__Provided records__:
━━━━━━━━━━━━━━━━━━━━━━━━━━━━━━

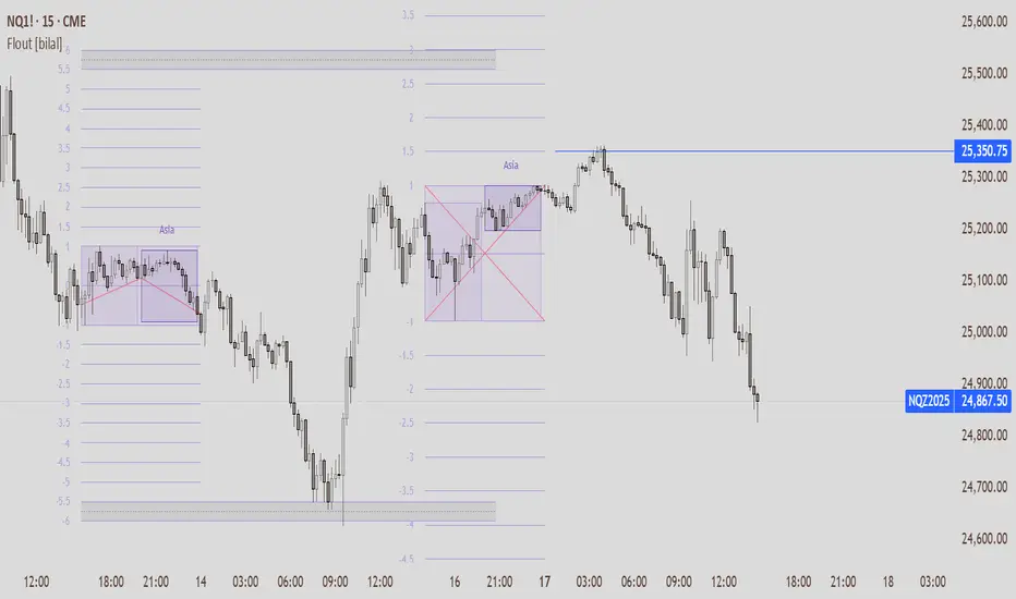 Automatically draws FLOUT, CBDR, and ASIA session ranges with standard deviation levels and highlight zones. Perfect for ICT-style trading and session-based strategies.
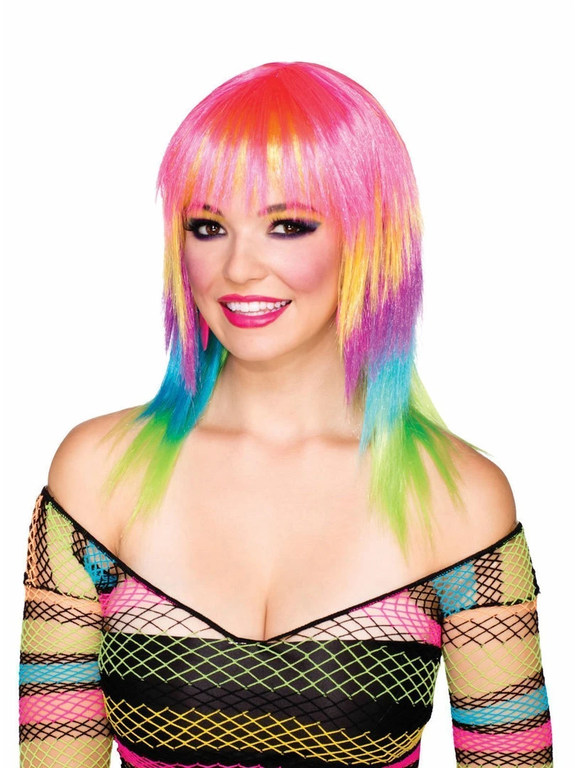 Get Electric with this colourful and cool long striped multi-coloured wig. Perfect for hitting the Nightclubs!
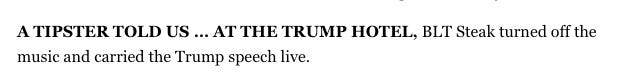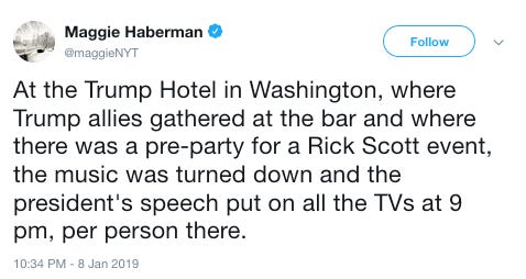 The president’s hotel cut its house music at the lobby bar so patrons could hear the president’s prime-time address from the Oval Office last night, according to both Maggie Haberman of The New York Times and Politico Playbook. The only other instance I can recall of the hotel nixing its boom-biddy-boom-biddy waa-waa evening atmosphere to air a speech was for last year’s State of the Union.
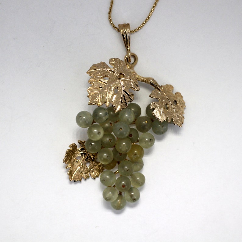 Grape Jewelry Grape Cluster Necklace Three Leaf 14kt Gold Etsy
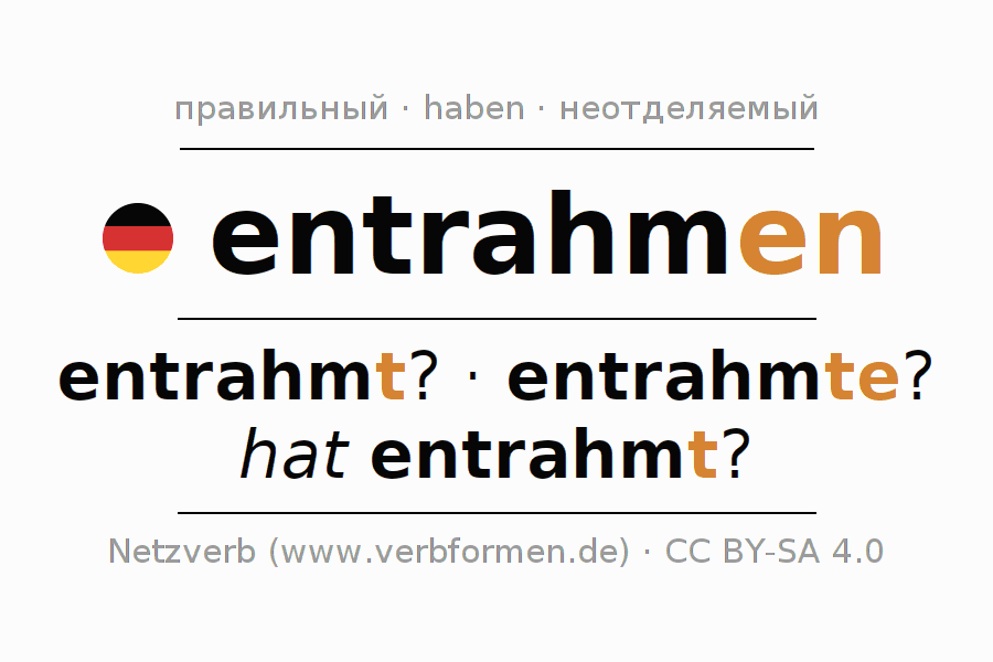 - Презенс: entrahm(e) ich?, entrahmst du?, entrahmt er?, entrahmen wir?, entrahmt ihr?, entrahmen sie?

━━━━━━━━━━━━━━━━━━━━━━━━━━━━━━

__What the exercise asks__: Write out the lines beginning at the line with "The president’s hotel" and ending at the last line of the entries. Include no pictures.

__Task result__:
 The president’s hotel cut its house music at the lobby bar so patrons could hear the president’s prime-time address from the Oval Office last night, according to both Maggie Haberman of The New York Times and Politico Playbook. The only other instance I can recall of the hotel nixing its boom-biddy-boom-biddy waa-waa evening atmosphere to air a speech was for last year’s State of the Union.
 Grape Jewelry Grape Cluster Necklace Three Leaf 14kt Gold Etsy
 - Презенс: entrahm(e) ich?, entrahmst du?, entrahmt er?, entrahmen wir?, entrahmt ihr?, entrahmen sie?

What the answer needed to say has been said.